▸ **YOUR GOAL**
The records below need to be set down again exactly; their images stay out.

[GIVEN ENTRIES Boundary: Start]

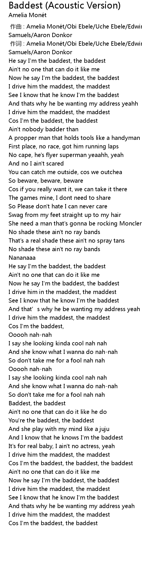 | [01:16.30] | Now he say I' m the baddest, the baddest |
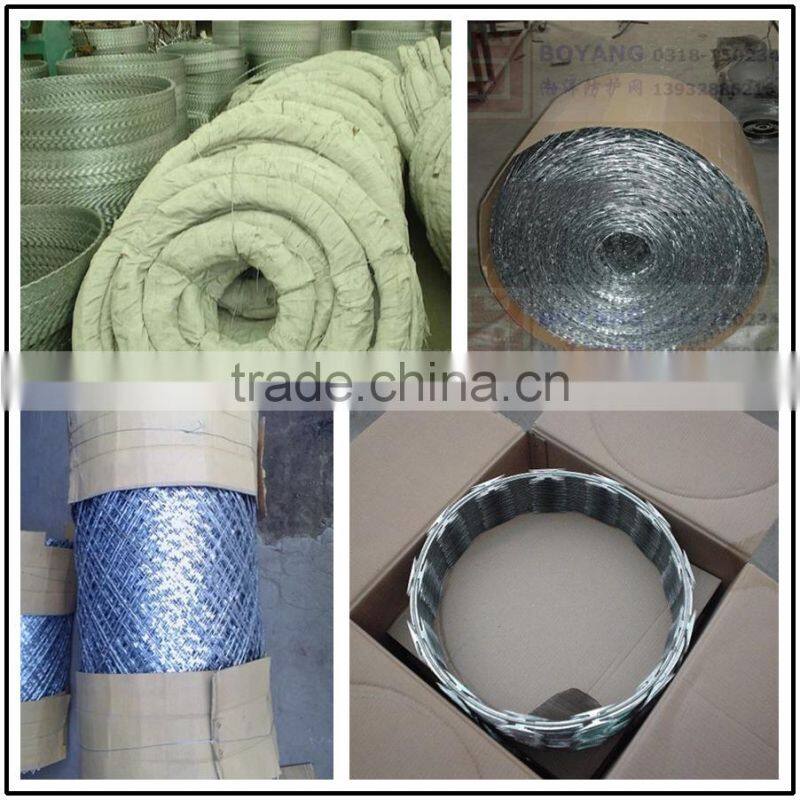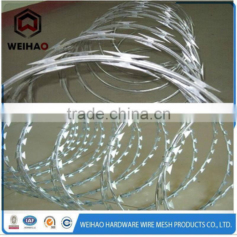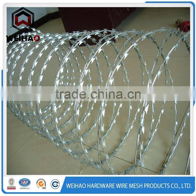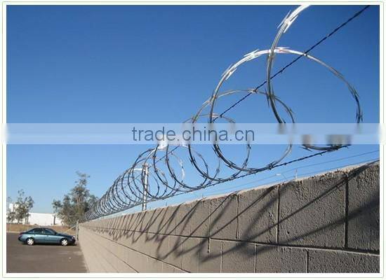 Razor barbed wire is also known as the blade barbed wire, razor wire, is a new type of protective net. Razor barbed wire has the advantages of beautiful appearance, economical and practical, prevention effect is good, construction convenience features such as superior, at present, razor barbed wire has been widely used in many countries of the industrial and mining enterprises, garden apartments, the border post, military, prison, detention, government buildings, facilities and other national security.
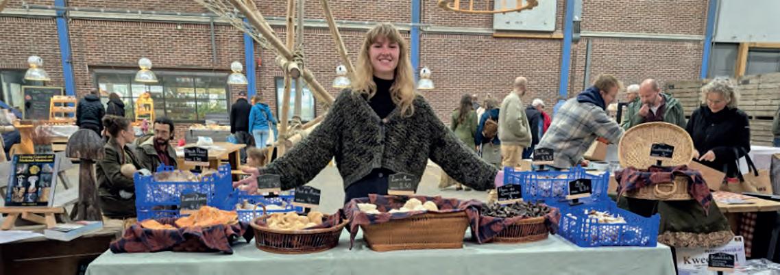 tele kwekerij. Met haar eigen kweekzakken laat ze bezoekers zien hoe je thuis het wonderlijke groeiproces van paddenstoelen kunt beleven.
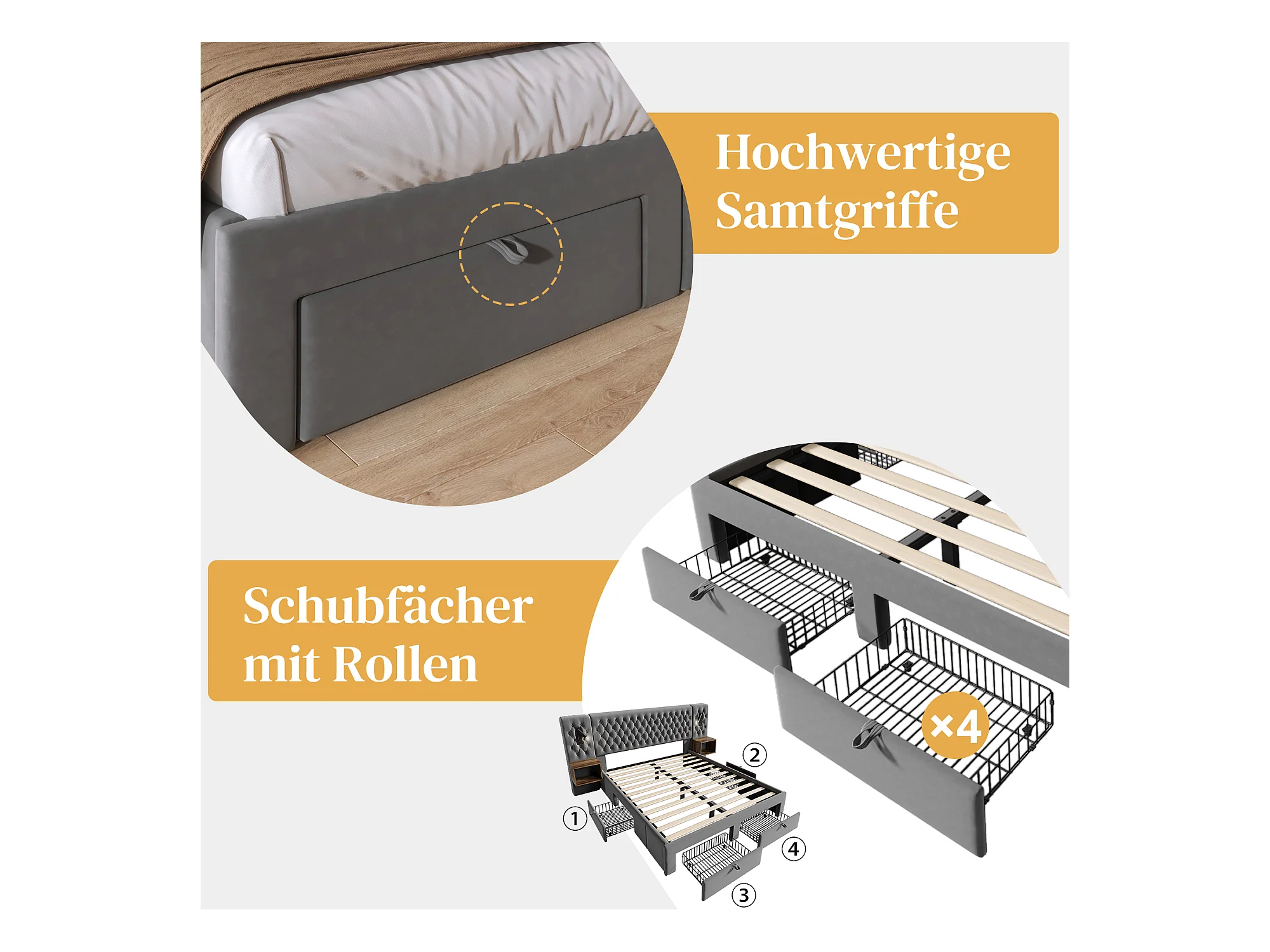 Lit double capitonné 160 x 200 cm, avec tables de chevet et tiroirs, liseuse, gris
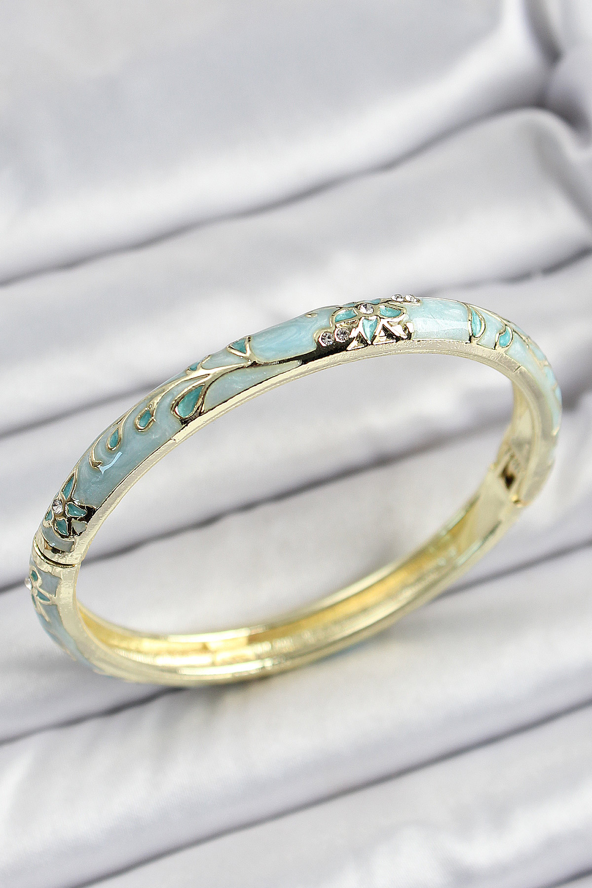 Mineli Pirinç Buz Mavisi Çiçek Desenli Kadın Kelepçe - TJ-BB7137

[GIVEN ENTRIES Boundary: End]

▸ **ANSWER**
 | [01:16.30] | Now he say I' m the baddest, the baddest |
 Razor barbed wire is also known as the blade barbed wire, razor wire, is a new type of protective net. Razor barbed wire has the advantages of beautiful appearance, economical and practical, prevention effect is good, construction convenience features such as superior, at present, razor barbed wire has been widely used in many countries of the industrial and mining enterprises, garden apartments, the border post, military, prison, detention, government buildings, facilities and other national security.
 tele kwekerij. Met haar eigen kweekzakken laat ze bezoekers zien hoe je thuis het wonderlijke groeiproces van paddenstoelen kunt beleven.
 Lit double capitonné 160 x 200 cm, avec tables de chevet et tiroirs, liseuse, gris
 Mineli Pirinç Buz Mavisi Çiçek Desenli Kadın Kelepçe - TJ-BB7137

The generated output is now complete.